It seemed almost taken for granted that Pope Francis was going to celebrate a consistory at the end of June. With the consistory, the Pope might have created six new cardinals and surpassed the limit of 120 cardinals voting in a conclave set by Paul VI and confirmed by St. John Paul II.
The consistory will not take place, as Pope Francis has not announced it yet and he must do so one month in advance. The Pope will not even sign off yet on the Curia reform, as it was rumored, though the draft for the Curia reform is now circulating.
Everything, in the end, is suspended. News about the consistory and the conclusion of the Curia reform were not official. There were many signs pointing there, however. Many, in the Vatican, noted that Pope Francis had called for a meeting of the Council of Cardinals from June 25 to 27.
Generally, the Council gathers at the beginning of the month. The schedule seemed to be perfectly aligned: Council of Cardinals, consistory for the discussion of the reform and the creation of new cardinals on June 28, and Mass with the Cardinals on June 29, the feast of St. Peter and Paul. In that occasion, Pope Francis also blesses the palliums for the metropolitan archbishops appointed within the last year.
It seemed a perfect plan. It was such because it was likely too artificial to be true. After six years of discussions, Pope Francis certainly wants to finalize the Curia reform. Once issued, the text might be amended, as it happened with many of Pope Francis’ decisions.
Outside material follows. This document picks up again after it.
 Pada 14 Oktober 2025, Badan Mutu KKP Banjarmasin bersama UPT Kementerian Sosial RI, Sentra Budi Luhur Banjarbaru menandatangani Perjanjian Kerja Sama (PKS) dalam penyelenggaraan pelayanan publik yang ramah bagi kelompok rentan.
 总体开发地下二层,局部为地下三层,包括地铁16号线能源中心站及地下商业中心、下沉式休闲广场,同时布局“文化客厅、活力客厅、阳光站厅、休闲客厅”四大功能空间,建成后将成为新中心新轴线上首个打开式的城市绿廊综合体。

A good part of the reform, in the end, has been already put in action notwithstanding the Council of Cardinals. In six years, Pope Francis set up the dicasteries for Laity, Family and Life; for the Integral Human Development; for Communication; the Secretariat for the Economy; and the Council for the Economy. Many parts of the reform have been already completed.
It may be that Pope Francis is not in a hurry. By the way, haste makes waste. Bishops who have received the draft are very well aware that things must be done with calm. The draft was sent to presidents of bishops’ conferences or of a Vatican dicastery at the beginning of May, asking for feedback by May 31. Too little time, almost everybody said.
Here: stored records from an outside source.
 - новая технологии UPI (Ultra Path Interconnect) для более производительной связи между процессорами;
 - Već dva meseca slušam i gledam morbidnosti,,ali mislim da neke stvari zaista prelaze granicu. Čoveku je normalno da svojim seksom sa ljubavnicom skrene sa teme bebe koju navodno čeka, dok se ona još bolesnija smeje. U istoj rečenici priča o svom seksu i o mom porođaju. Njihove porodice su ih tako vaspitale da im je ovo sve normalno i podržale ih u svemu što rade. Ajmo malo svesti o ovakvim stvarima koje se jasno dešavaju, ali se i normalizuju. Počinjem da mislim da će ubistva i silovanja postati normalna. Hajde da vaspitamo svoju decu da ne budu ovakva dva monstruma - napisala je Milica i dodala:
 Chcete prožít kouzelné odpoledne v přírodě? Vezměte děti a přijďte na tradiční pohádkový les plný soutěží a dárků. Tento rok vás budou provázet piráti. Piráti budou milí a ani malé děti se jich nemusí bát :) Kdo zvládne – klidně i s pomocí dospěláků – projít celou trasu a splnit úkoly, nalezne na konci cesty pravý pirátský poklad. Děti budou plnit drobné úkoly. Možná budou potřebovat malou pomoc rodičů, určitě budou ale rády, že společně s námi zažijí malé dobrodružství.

Pope Francis can do whatever he wants with the text. Suggestions that will come from the world consultation on Curia reform will be just suggestions. On the other hand, a decision not to listen to the local Churches when Pope Francis emphasizes synodality might be seen as a contradiction.
Discussions within the Curia and at the local Churches, and Pope Francis’ desire to create more than six cardinals, postponed all the decisions.
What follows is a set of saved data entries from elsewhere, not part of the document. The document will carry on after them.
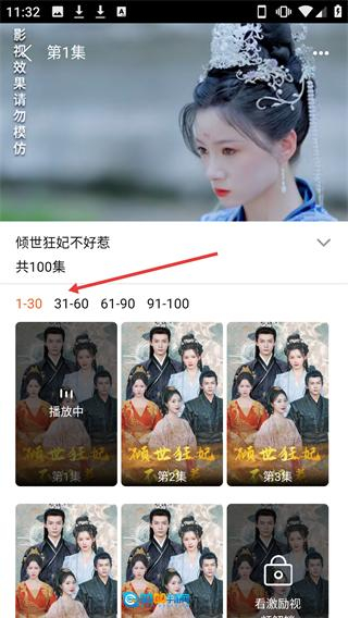 4、在集数选择列表中点击集数选项,可切换到该区间的集数选择。
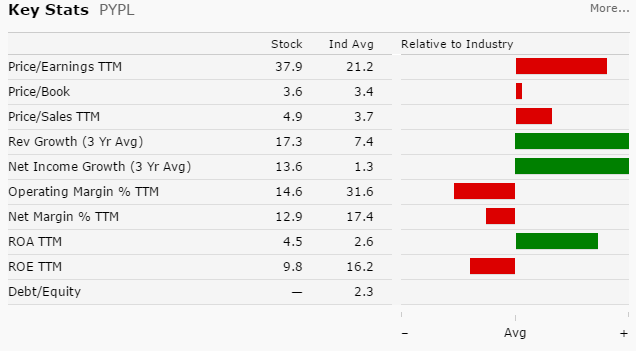 Paypal的估值很大程度上取决于全球每用户平均营收的增长。公司的各种指标高于行业平均水平,这证明市场对公司的营收增长具有信心。此外,营收增长对当前股价缺乏安全边际并没有改善。当前投资者面临的最大风险即公司营收增速放缓超出预期,如果营收增长过于缓慢,那么公司的市值将会严重缩水(参考LinkedIn)。在我看来,不错的预期收益已经反映在当前的股价水平上了,但预期收益与潜在的风险并不相称。
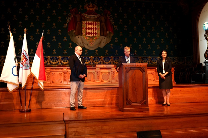 No Tabloïds - Le prince Albert II de Monaco, Christophe Mirmand, Yvette Lambin-Berti lors de la réception des athlètes des jeux des petits états d'Europe au musée océanographique à Monaco le 11 septembre 2025. © Claudia Albuquerque / Bestimage NO TABLOIDS Reception for athletes participating in the Games of the Small States of Europe at the Oceanographic Museum in Monaco on September 11, 2025.
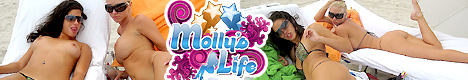 Busty blonde porn star Molly Cavalli and Asian babe Miko Sinz in sexy bikinis for Molly's Life, flash their nude boobs outdoors in public park while rollerblading and have interracial lesbian sex when back home
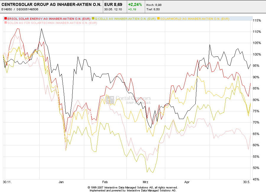 Die teilweise negativen Wachstumsprognosen für den Solarsektor teilt Weiss nicht. Zwar schließt er potenzielle Überkapazitäten für 2009 und 2010 nicht aus, sieht aber in den USA und Spanien weiter hohes Wachstumspotenzial. Auch in Märkten wie Griechenland und Italien sei die Solarindustrie auf dem Vormarsch. Die Kürzungen der Subventionen in Deutschland sollten nach Meinung von Weiss in den kommenden Jahren durch dezentrale Stromversorgung aufgefangen werden. "Dann wird für die Verbraucher der Preis für Strom aus der Steckdose teurer sein als die Elektrizität von eigenen Solarzellen auf dem Dach."
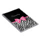 A trendy black and white zebra print notebook decorated with a picture of a chic hot pink ribbon tied into a girly bow. Personalise this fashionable pink and black animal print design by adding the name of your favourite girl. Flat printed image, NOT actual bow.
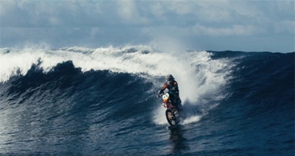 11. Người đàn ông cưỡi mô-tô đi trên mặt nước.
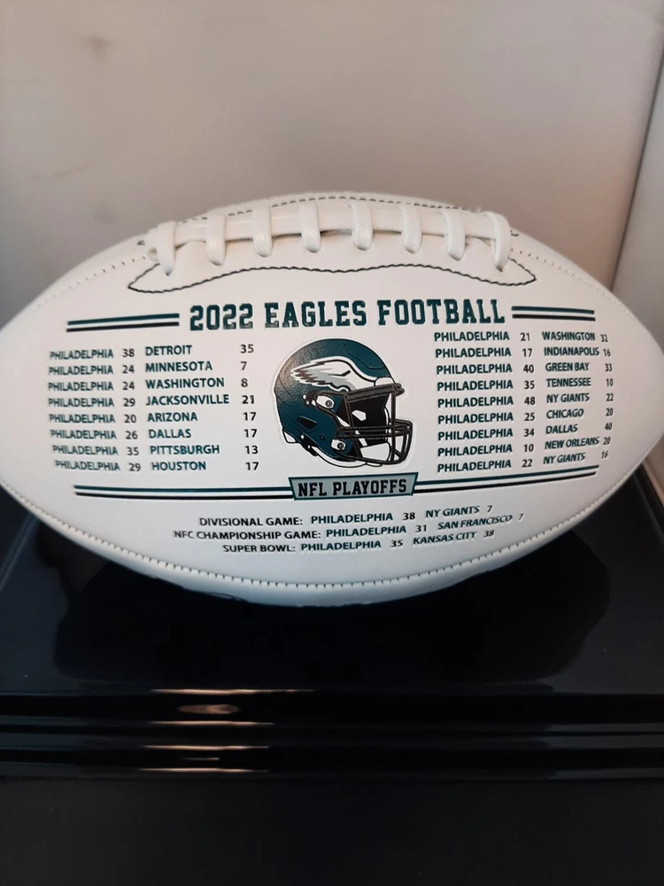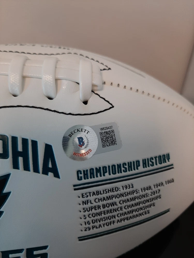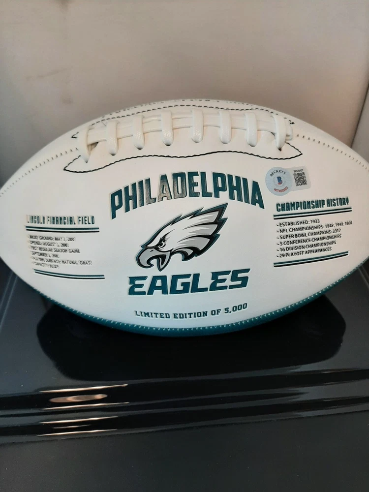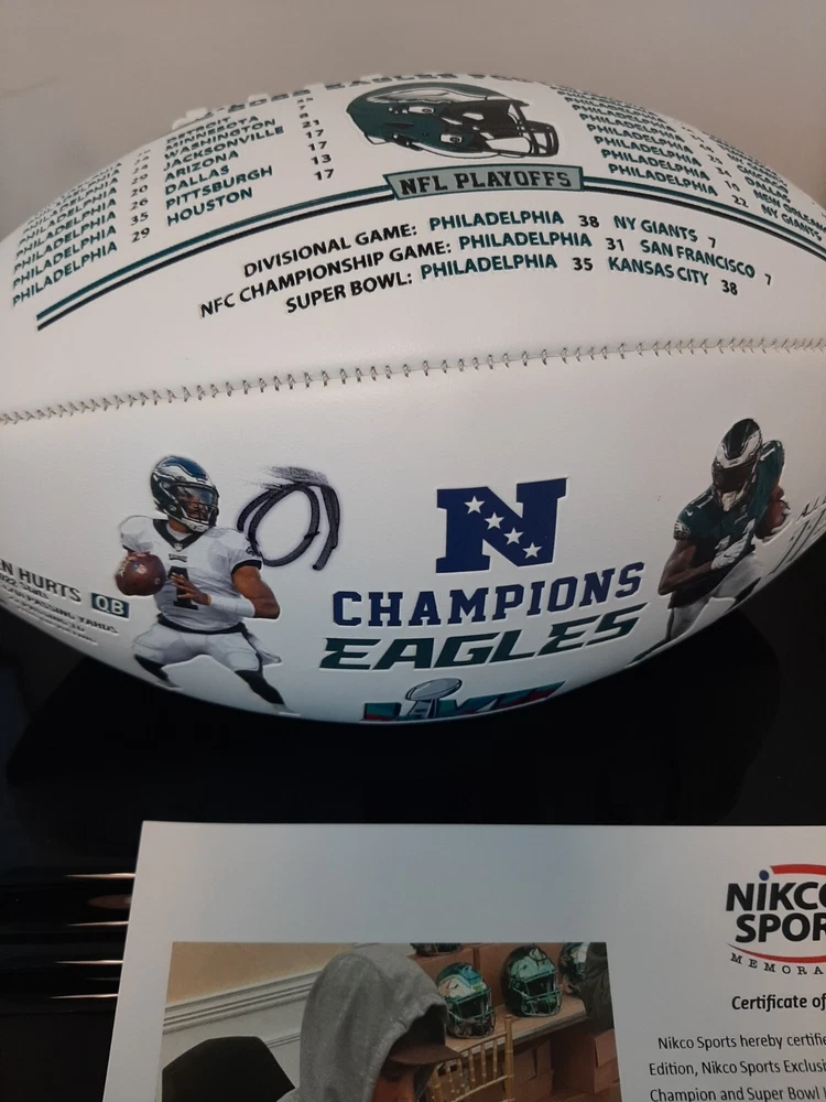 Celebrate the excitement of Super Bowl LVII with this autographed Philadelphia Eagles football featuring Jalen Hurts. This original ball is a must-have for any sports memorabilia collector and comes with authentication from Beckett Authentication Services (BAS). The football is perfect for displaying in your collection or as a gift for an avid Philadelphia Eagles fan. Get your hands on this one-of-a-kind product and show off your love for the team. Whether you're a die-hard fan or a collector, this autographed football is sure to be a valuable addition to your collection. Don't miss out on the opportunity to own a piece of history! This is a collector/fan "must-have" that can be passed down for generations. Autographed by Jalen Hurts Full Sized Football – ( fully licensed) Each fully embossed football Each football will come with an individually numbered certificate of authenticity Panel 1 – Eagles Logo, Stadium History, Championship History Panel 2 – 2022 Season Schedule with Opponents and Scores, Playoff Schedule with Opponents and Scores Panel 3 – NFC Champ Logo, Super Bowl Logo, Action Image of Jalen Hurts and Stats, Action Image of A.J. Brown and Stats, Eagles Logo Exclusive to Nikco Sports Signature Slightly Imperfect COA Number May Vary

Rumors now point to a consistory in November. There will be 114 voting cardinals and six slots for new red birrette. Pope Francis might also create eight new voting cardinals since two cardinals will turn 80 at the beginning of 2020.
Two are the possible dates: around November 21, the feast of the presentation of Mary in the Temple; or December 8, feast of the Immaculate Conception.
These two dates would fit perfectly with a possible trip of Pope Francis to Japan. The journey is not official yet: It should last just three days, from November 25th through the 28th, with stops in Tokyo and Nagasaki. In the end, Pope Francis might celebrate the consistory before or right after the trip to Japan.
The Curia reform might be finalized at the end of the year. The draft will be reviewed and made consistent with the Canon law. Some adjustments can be noted in the micro-reform of Caritas Internationalis or the new law of the Vatican City State.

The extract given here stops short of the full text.